Five of the qualitative interviews also pointed out students' responses were by no means uniform. One added, "Just because students are in a university does not mean that they are capable of university level English. Many of them are still having a hard time with things supposedly learned in junior high school."

Two interviewees also suggested that TOEIC difficulty might be a positive feature: students need to feel challenged. They criticized teaching practices which "dumb down" lesson content too much. "If the standards keep getting lower," one added, "performance will erode. This is what often happens when students pass a specified bench mark – they lose their incentive to study further. For such reasons is good to set high goals."

Question 6

Question 6 examined how interested respondents thought most students were in raising their TOEIC scores. 58% of the respondents (N=14) felt that students were either somewhat or very interested in boosting their scores. 17% of the respondents (N=4) disagreed with this assessment and another 25% (N=6) had no opinion.

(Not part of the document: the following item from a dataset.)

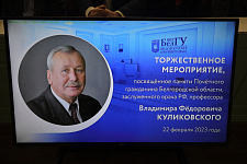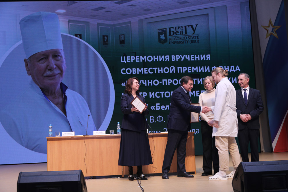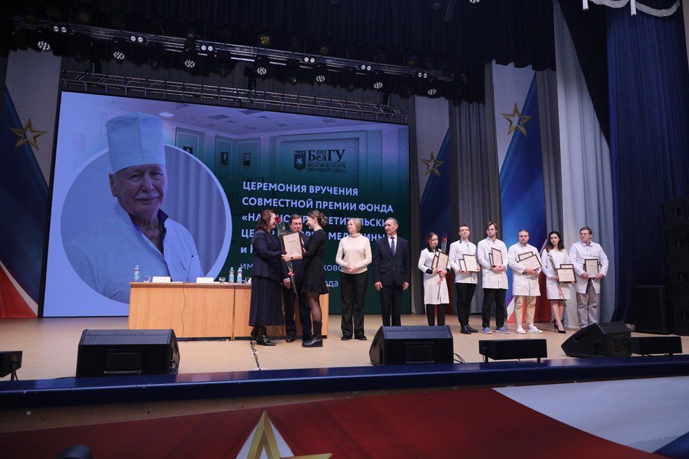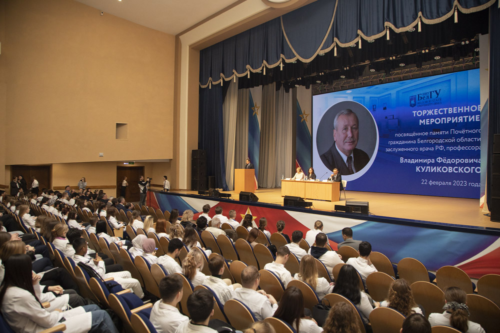 В Белгородском государственном университете состоялась церемония вручения сертификатов на получение премии и дипломов лауреатов премии имени В.Ф. Куликовского. Первая совместная премия Фонда «Научно-просветительский центр истории медицины» и НИУ «БелГУ» имени В.Ф. Куликовского присуждена девяти студентам старших курсов и молодым учёным, преподавателям медицинского института. На памятном мероприятии, которое прошло в канун дня рождения выдающегося хирурга, первого директора медицинского института НИУ «БелГУ» Владимира Фёдоровича Куликовского (23 февраля ему бы исполнилось 73 года) присутствовали ректор вуза Олег Полухин, директор мединститута Николай Белоусов, министр здравоохранения Белгородской области Андрей Иконников, заместитель министра здравоохранения Елена Андронова, главный врач Белгородской областной клинической больницы Святителя Иоасафа Жанна Чефранова, председатель правления Фонда развития медицинской науки и образования «Научно-просветительский центр истории медицины» Марина Баранова – дочь Владимира Куликовского, студенты, аспиранты и преподаватели медицинского института, коллеги, друзья Владимира Фёдоровича из родного ему Борисовского района. Мероприятие началось с минуты молчания, которую объявил директор мединститута Николай Белоусов.

On the issue of TOEIC score gains, in 1999 Robb and Ercanbrack investigated whether or not students at Kyoto Sangyou University benefited from formal TOEIC instruction over the course two semesters. What they found was the non-English majors taking classes twice a week showed no significant improvement in their listening scores, but a slight improvement in their reading scores. Interestingly, English majors who scored higher in the TOEIC at the onset and took an average of eight English classes per week did not exhibit any significant improvement in their listening or reading scores within the same time frame. It should be remembered that TOEIC score gains are not unilinear. Saegusa (1985) did a study of how many hours of TOEIC instruction are needed for Japanese university students to exhibit score gains. He suggests 150 hours of instruction are generally required for most students to progress from a score of 300 to 400, but that 250 of instruction are necessary to move from a score of 500 to 600.

In the context of Toyo University, since only students receive less than 40 hours of English instruction between the April test and December retest, the average score gains are indeed modest. In 2002 the TOEIC European Service offered this advice on retesting:

The TOEIC programme generally recommends that learners whose native language is that of Western European origin do not take the TOEIC test until they have received at least 60 hours of English training and/or practice. Native speakers of languages from other origins should probably wait at least 100 hours. (p. 12)

In light of these comments, it is worth reflecting on why TOEIC re-tests occur in much shorter time frames. Templer (2004) cautions that market-driven drives to produce "quick results" may downgrade the effectiveness of some programs and place substantial burdens on both students and teachers.

"market-driven drives to produce 'quick results' may downgrade the effectiveness of some programs and place substantial burdens on both students and teachers."

Conversely, in the qualitative interviews two respondents noted how they felt some students do study harder because of the December retest: it creates a degree of stress, but that stress could be beneficial. "Without any retest there is less reason for students to focus much on the TOEIC," one teacher added. These comments make it clear that washback is far from a monolithic phenomena: it varies from student to student and is perceived by teachers in various ways. Whereas lower level students may tend to give up, some who score well do feel motivated to raise their scores further. This concept is perhaps in tune with Bruner's (1960) hypothesis of optimal difficulty: material which is too easy tends to bore students, but that which is too difficult may lead students to give up. Optimal material would be slightly above the level of the majority of students. At a time when much discussion is devoted to raising educational standards, it is wise to remember Kohn's (1999) adage that "maximum difficulty isn't the same as optimal difficulty."

Question 7

This question explored whether or not the respondents thought focusing on the TOEIC enhanced the overall English ability of the students. 83% believed that focusing on this test does indeed improve general English ability. Only three expressed doubt as to whether studying for the TOEIC had such an effect. What is interesting about these responses is the way that they reveal a cluster of beliefs about the TOEIC. The majority of teachers seemed to voice general support for this norm-referenced, multiple-choice, standardized test. Only a minority expressed critical concerns about what the TOEIC was actually measuring and the methodology of the test itself. As a result, most of the respondents who answered negatively to Question 7 also answered the same way to Questions 5 and 6. Conversely, the majority who answered positively to Question 7 also answered the same way to Questions 5 and 6. Figure 2 hints at this correlation.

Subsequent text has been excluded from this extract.